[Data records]
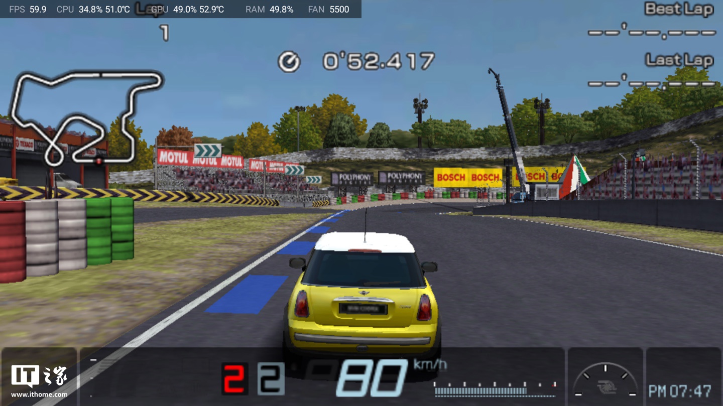 以模拟 PSP 游戏为例,IT之家使用预装的 PPSSPP 运行经典《GT 赛车》游戏,游戏在 1080P 画质增益情况下,全程帧率维持在 59-60 帧左右。
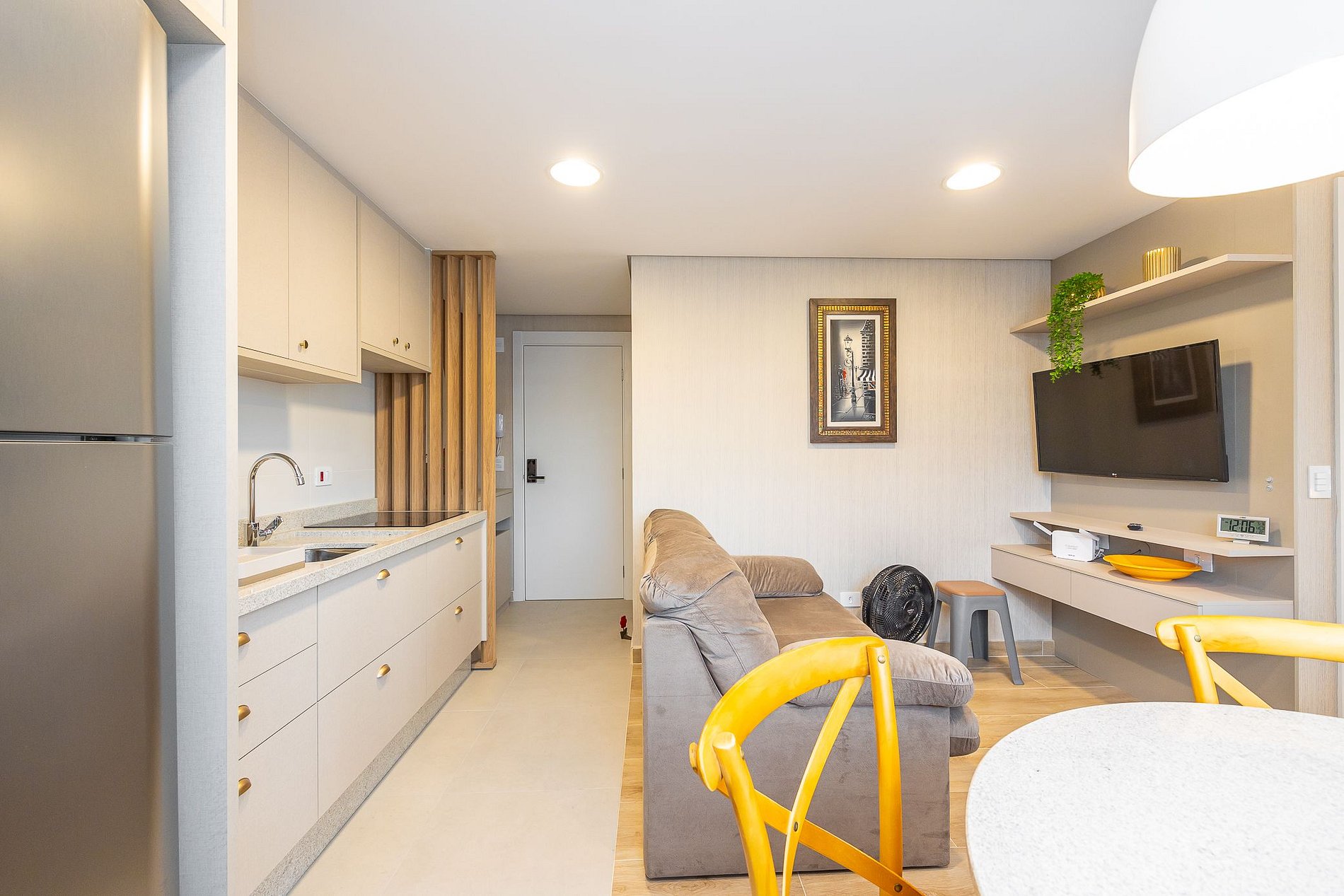 Fully furnished studio, on the 8th floor, in an excellent location in Mercês in Curitiba/PR. Finely decorated, with approximately 32m², it has:
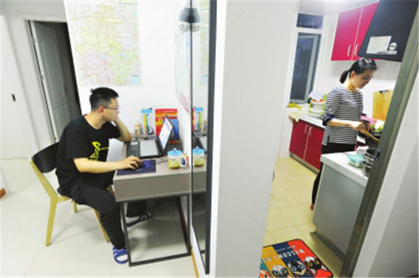 下班回到洪山魔方大学生公寓的小家后,路卓伟小两口一个负责做饭,一个继续未完成的工作 记者肖僖摄
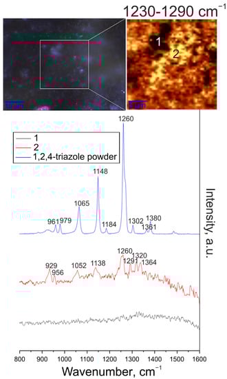 To determine the distribution intensity of benzotriazole and 1,2,4-triazole over the surface of the coated samples, 2D maps were designed using a filter in the spectral range of corresponding with most intensive characteristic peaks, namely 750–810 cm−1 for benzotriazole (“breathing” vibrations of C = C bonds of the benzene ring at 790 cm−1) and 1230–1290 cm−1 for 1,2,4-triazole (stretching vibrations of the N = N double bond of the triazole ring ν(N = N)). An optical image of the studied coating areas (highlighted by a frame) and a 2D map showing the distribution of benzotriazole and 1,2,4-triazole over the surface are presented in Figure 6 and Figure 7. An analysis of the experimental data indicates the distribution of the inhibitor over the coating surface. The area of light zones (areas with a high concentration of benzotriazole and 1,2,4-triazole) is significantly higher than the dark areas. The lower concentration of the inhibitor recorded in the dark areas may be due to the complex morphology of the coating and the deposition of most parts of the inhibitor in the pores of the protective layer. The spectra recorded in the regions marked by 1 and 2 correspond to the areas with high and low inhibitor content.
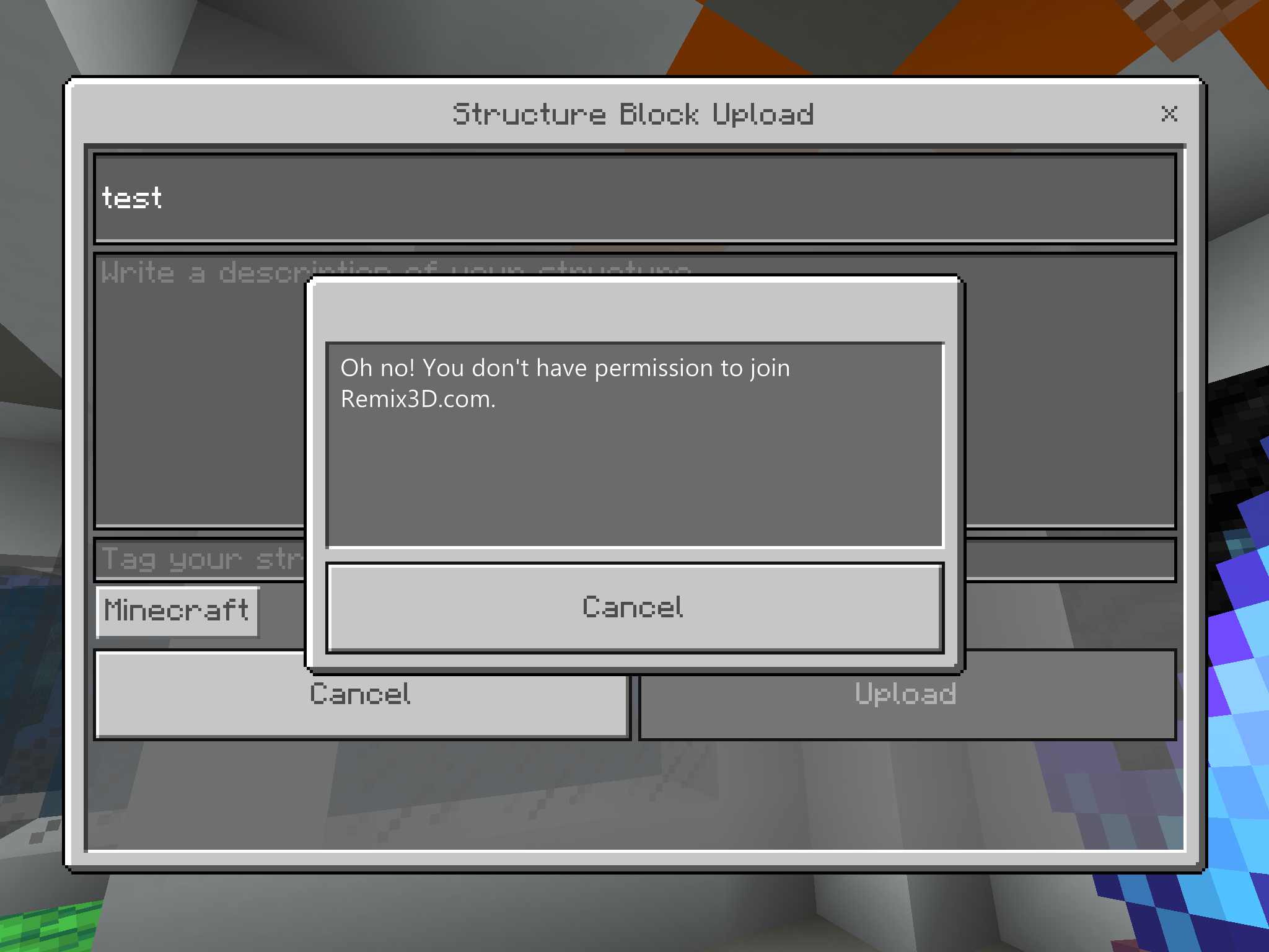 i am trying to move a naturally generated structure into a map I am creating but when I try to export it, it says “you don’t have permission to join remix 3D”
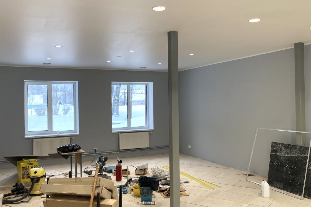 Būvniecības uzņēmums SIA “LVS Building” darbu gaitā ir nosiltinājis ēkas pamatus, fasādi un jumtu. Pilnībā nomainīta jumta konstrukcija, nomainīti visi ēkas logi un ārdurvis, siltinātas pirmā stāva grīdas. Uz jaunā jumta uzstādīti elektroenerģiju ražojošie saules paneļi. Atjaunota elektroinstalācija, uzstādīti energoefektīvi LED gaismekļi, ventilācijas sistēma. Būvniecības uzņēmums SIA “Kontrols-A” ir izpildījis iepriekš neparedzētos papildus darbus – būvkonstrukciju stiprināšana iekšējām sienām, vides pieejamības nodrošināšana. Līdz projekta noslēgumam atlikuši iekšējās apdares darbi, teritorijas sakopšana, radušos būvniecības defektu novēršana.
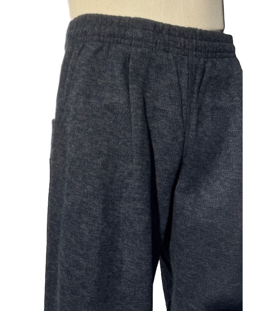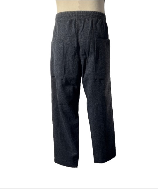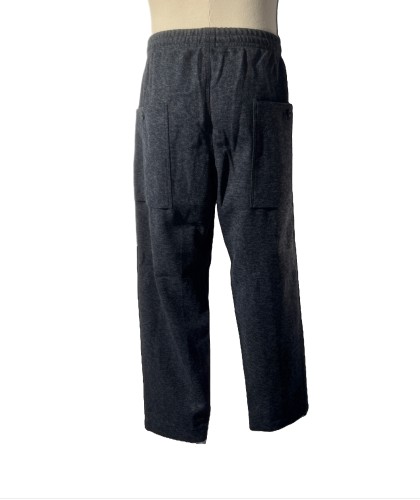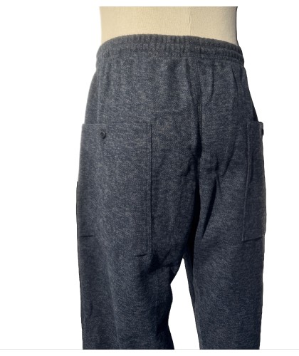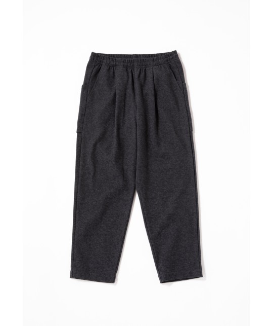 Black tweed pants, loose fit with pleats, elastic waistband, 2 back patch pockets with buttons. No fly. 100% cotton - made in Japan

*YOUR GOAL*
Up to and including the line that holds "下班回到洪山魔方大学生公寓的", restate word for word each line of the records from their start, and only those lines, leaving out the pictures.

*TASK RESULT*
 以模拟 PSP 游戏为例,IT之家使用预装的 PPSSPP 运行经典《GT 赛车》游戏,游戏在 1080P 画质增益情况下,全程帧率维持在 59-60 帧左右。
 Fully furnished studio, on the 8th floor, in an excellent location in Mercês in Curitiba/PR. Finely decorated, with approximately 32m², it has:
 下班回到洪山魔方大学生公寓的小家后,路卓伟小两口一个负责做饭,一个继续未完成的工作 记者肖僖摄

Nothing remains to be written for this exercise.